Assigned task: The material below holds pictures; leave them out and reproduce exactly the lines from the one with "太行天路一號(hào)旅游公" through the one with "29 красных роз", inclusive.

Supplied data:
■ ■ ■ ■ ■ ■ ■

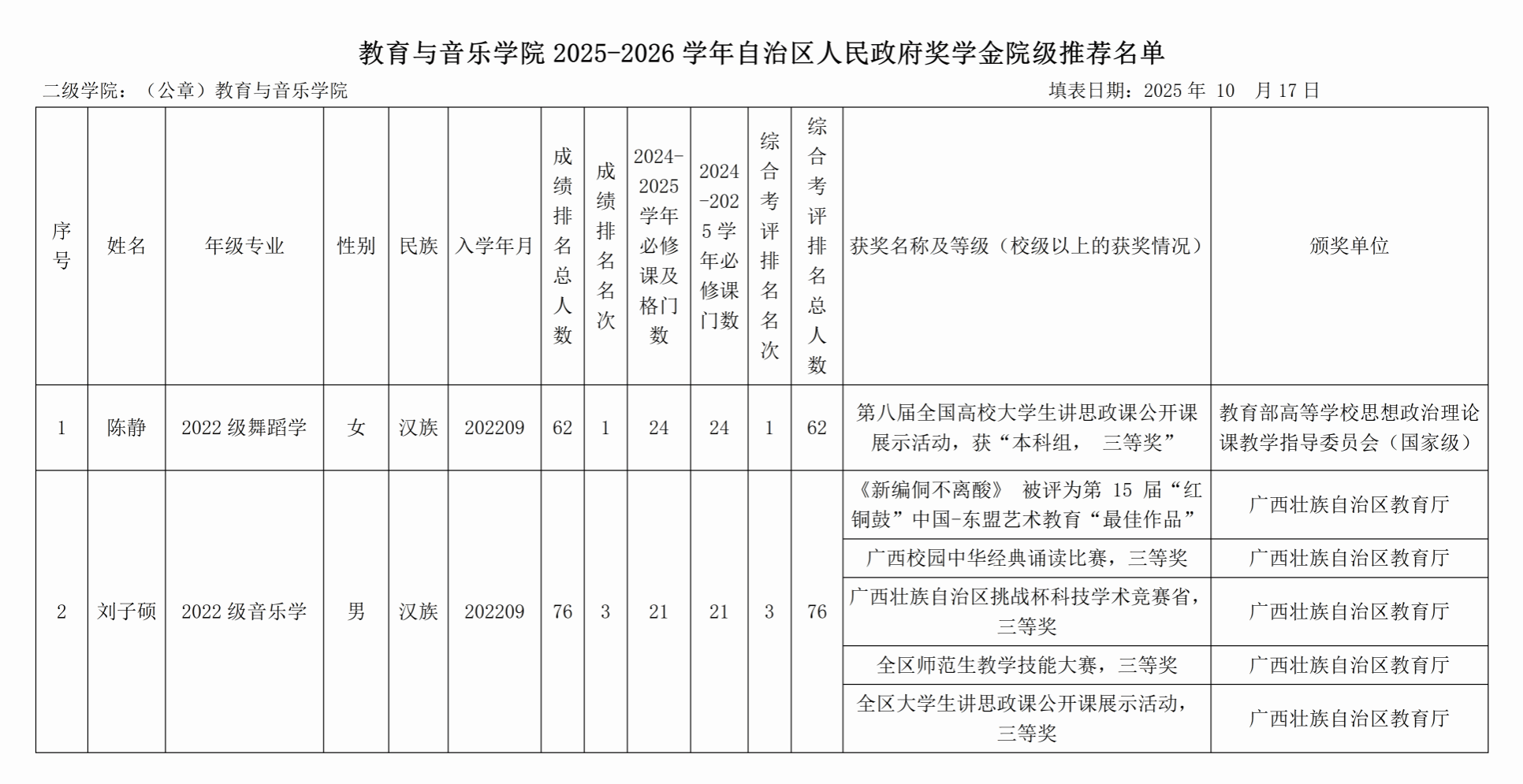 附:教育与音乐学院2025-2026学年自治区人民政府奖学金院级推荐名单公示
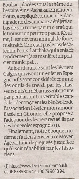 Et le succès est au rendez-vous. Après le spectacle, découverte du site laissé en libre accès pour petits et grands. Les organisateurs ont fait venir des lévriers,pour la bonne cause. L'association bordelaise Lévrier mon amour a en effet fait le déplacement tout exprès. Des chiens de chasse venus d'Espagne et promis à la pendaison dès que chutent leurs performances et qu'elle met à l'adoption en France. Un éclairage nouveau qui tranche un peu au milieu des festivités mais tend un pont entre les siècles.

■ ■ ■ ■ ■ ■ ■

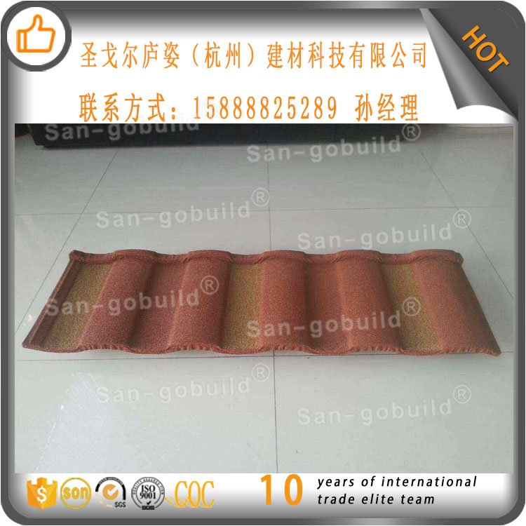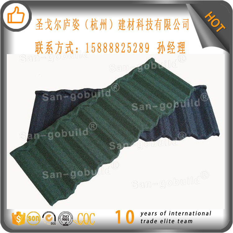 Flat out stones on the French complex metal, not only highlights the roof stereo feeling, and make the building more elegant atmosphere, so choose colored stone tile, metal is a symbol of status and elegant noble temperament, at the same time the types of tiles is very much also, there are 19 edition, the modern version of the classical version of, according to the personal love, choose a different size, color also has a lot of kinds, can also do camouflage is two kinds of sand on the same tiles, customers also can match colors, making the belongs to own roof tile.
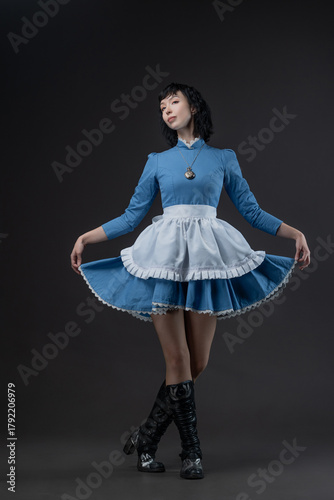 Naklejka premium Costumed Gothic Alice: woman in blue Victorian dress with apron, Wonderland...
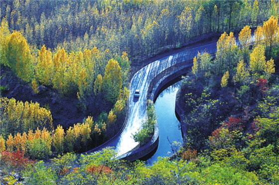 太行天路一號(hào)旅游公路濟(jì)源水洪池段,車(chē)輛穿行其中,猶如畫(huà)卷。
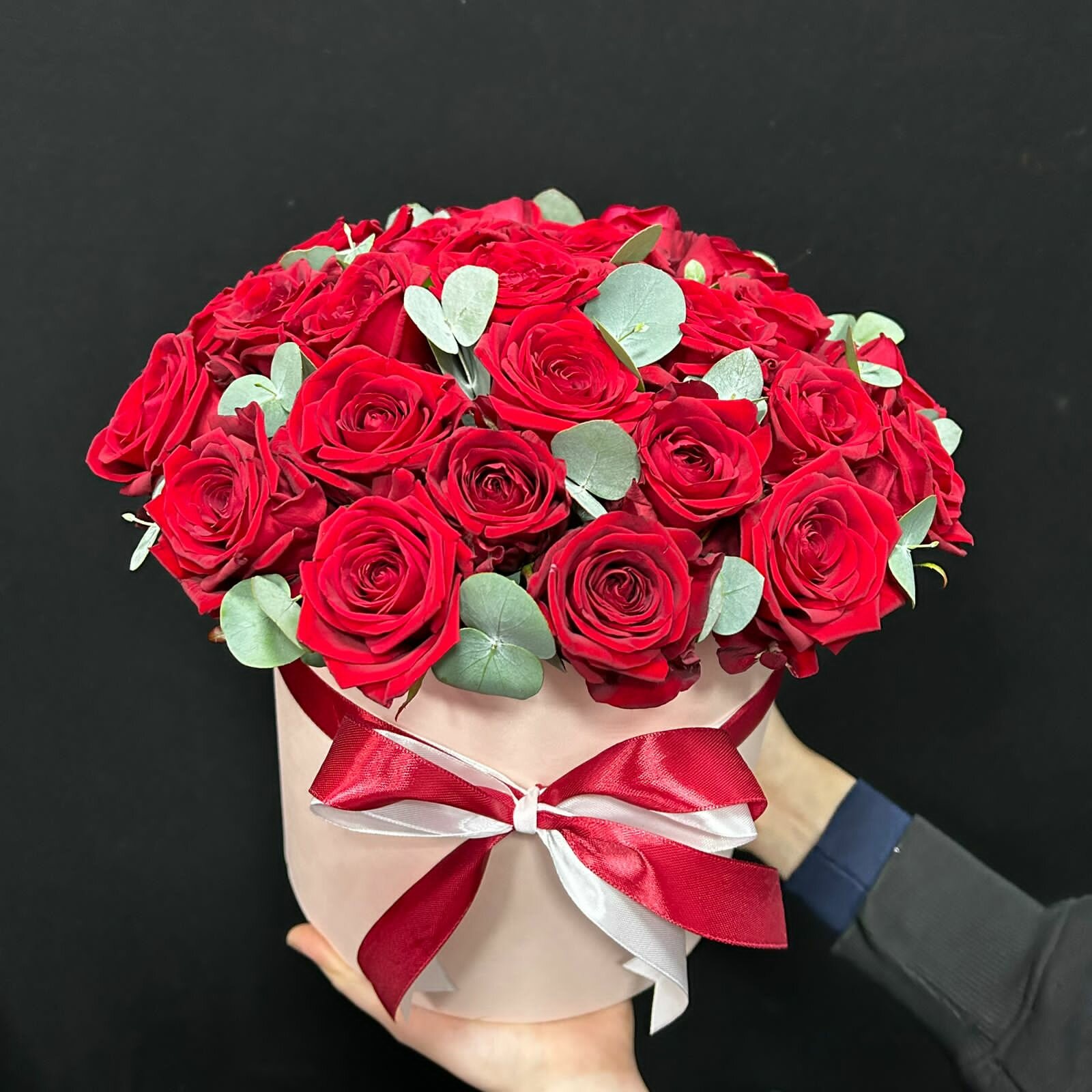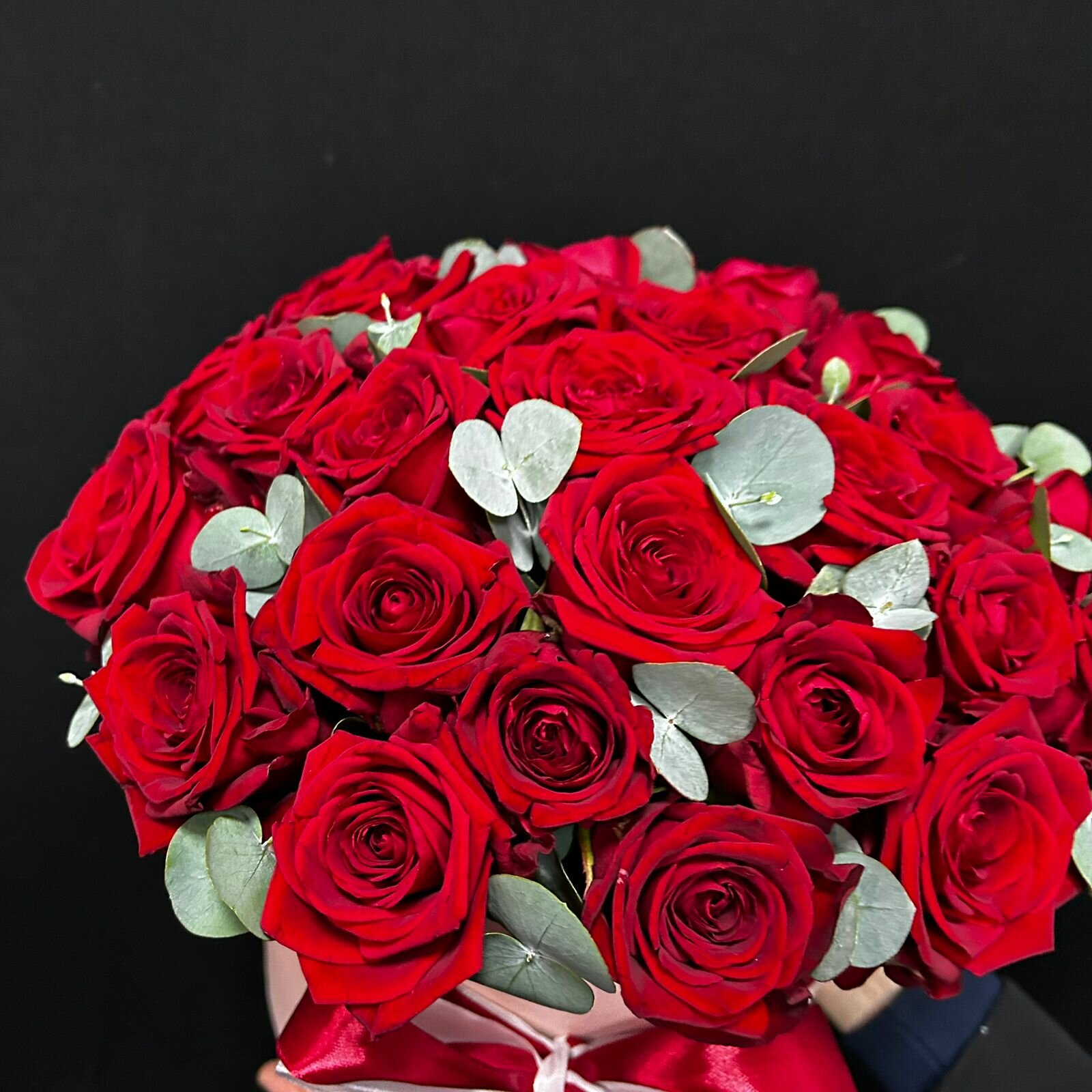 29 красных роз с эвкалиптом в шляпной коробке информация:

■ ■ ■ ■ ■ ■ ■

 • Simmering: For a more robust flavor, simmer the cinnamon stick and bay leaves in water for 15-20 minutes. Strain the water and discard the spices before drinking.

■ ■ ■ ■ ■ ■ ■

Response to this task:
 太行天路一號(hào)旅游公路濟(jì)源水洪池段,車(chē)輛穿行其中,猶如畫(huà)卷。
 29 красных роз с эвкалиптом в шляпной коробке информация:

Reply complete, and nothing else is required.